Exclude every picture. Output verbatim the lines from the one containing "Nahuel y Marcelo" to the end of the data.

--- START ---

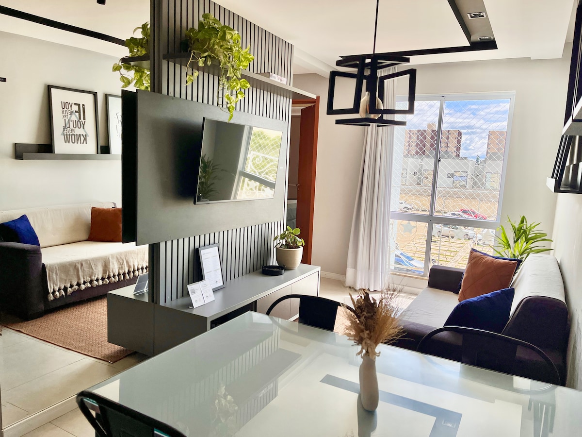 Okokuzithokozisa okuyisitayela kuleli fulethi elisendaweni enhle kunazo zonke edolobheni - i-Olívia Flores. Iklanyelwe ukubungaza izivakashi ezijabulela ukunethezeka, ifakwe i-TV Smart 43", i-air conditioning, izintambo zelineni ezingu-300, igumbi lokugezela elivulekile, ikhishi elinezitsha, ifriji ne-microwave. Kuyimizuzu engu-7 ukuya e-Shopping Boulevard, imizuzu engu-9 ukuya e-Downtown nemizuzu engu-10 ukuya e-Shopping Conquista Sul.
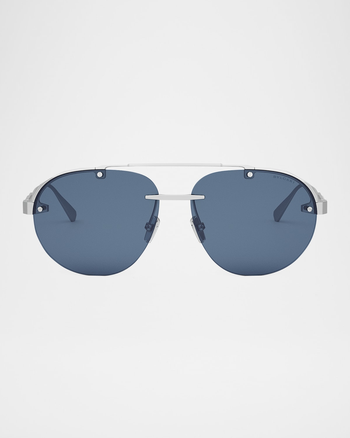 - BVLGARI round sunglasses in titanium - Lens/bridge/temple (in mm): - 0-14-145 - Solid-color lenses - Left lens with lasered logo - Double-nose bridge - Adjustable nose pads - Lasered logo on temples - Thin, tapered arms - Titanium - 100% UVA/UVB protection - Made in Japan - Proposition 65 warning for California residents
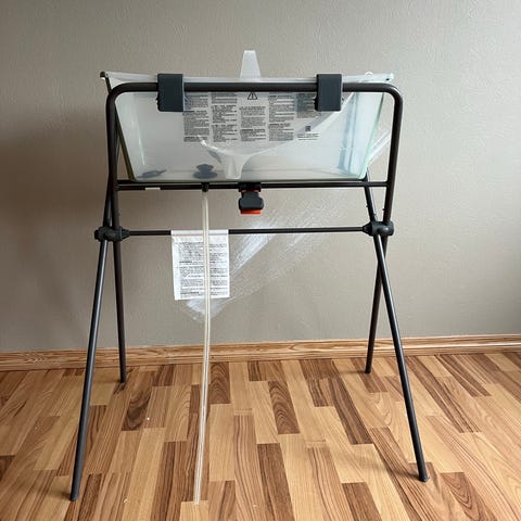 Stokke Flexi Bath med stativ og nyfødtinnlegg.
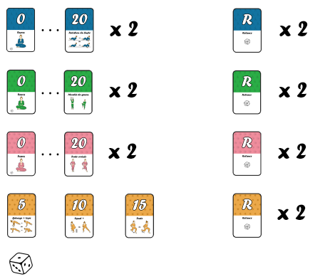- Piocher une carte et effectuer l’action : le numéro de la carte = le nombre de répétitions.
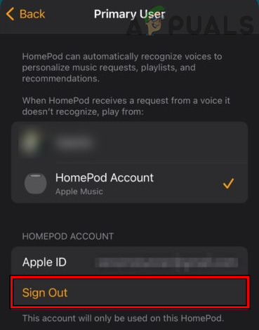 Sign Out of the HomePod - Now confirm to Sign Out of the Apple ID and power cycle the HomePod.
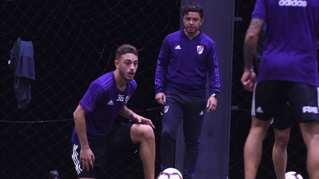 Nahuel y Marcelo Gallardo, durante el paso del lateral por River Plate en 2019. / Getty Images / Diego Alberto Haliasz
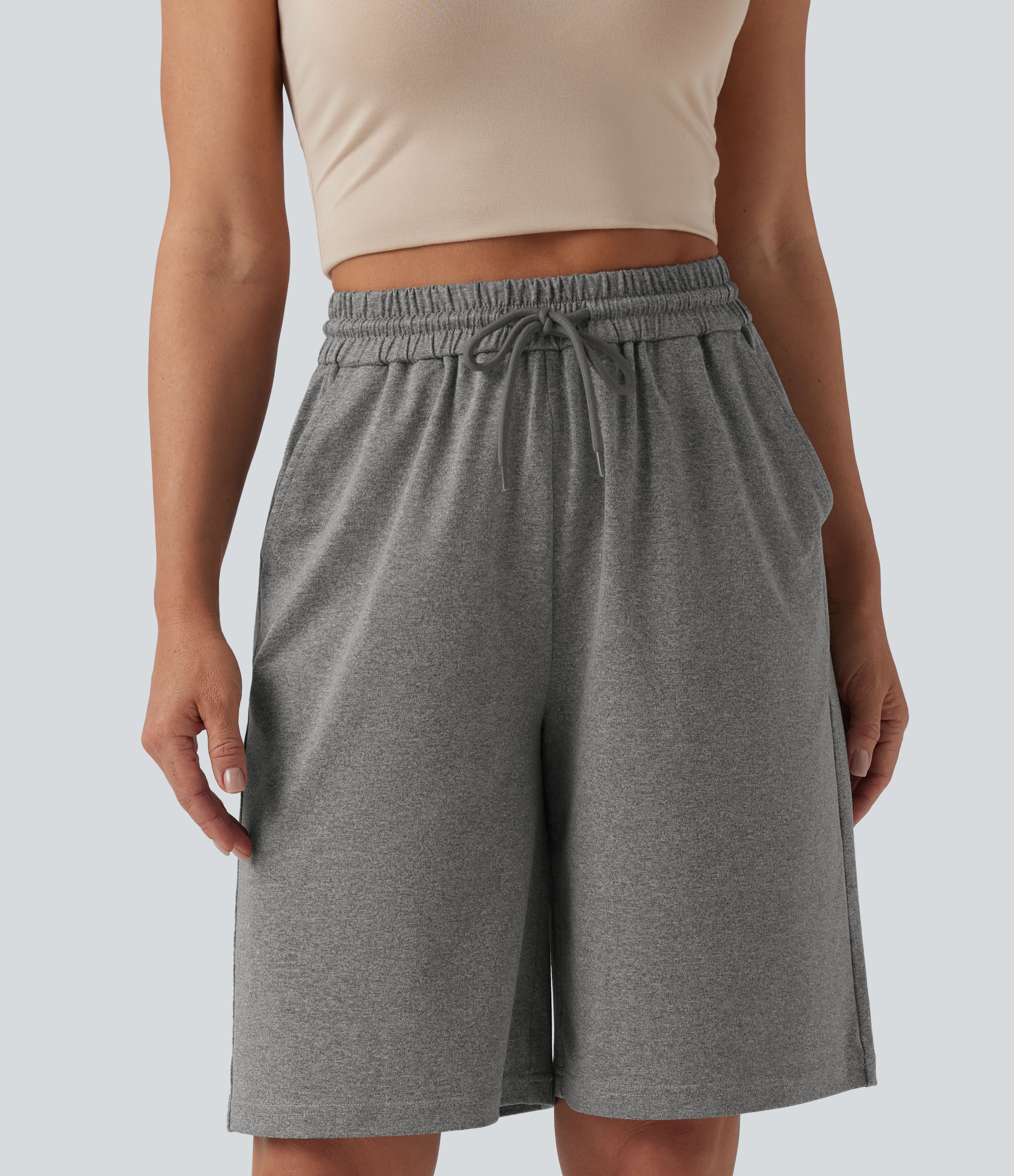 High Waisted Drawstring Casual Bermuda Shorts 9.5'' with Pockets

--- END ---

**Finished task**
 Nahuel y Marcelo Gallardo, durante el paso del lateral por River Plate en 2019. / Getty Images / Diego Alberto Haliasz
 High Waisted Drawstring Casual Bermuda Shorts 9.5'' with Pockets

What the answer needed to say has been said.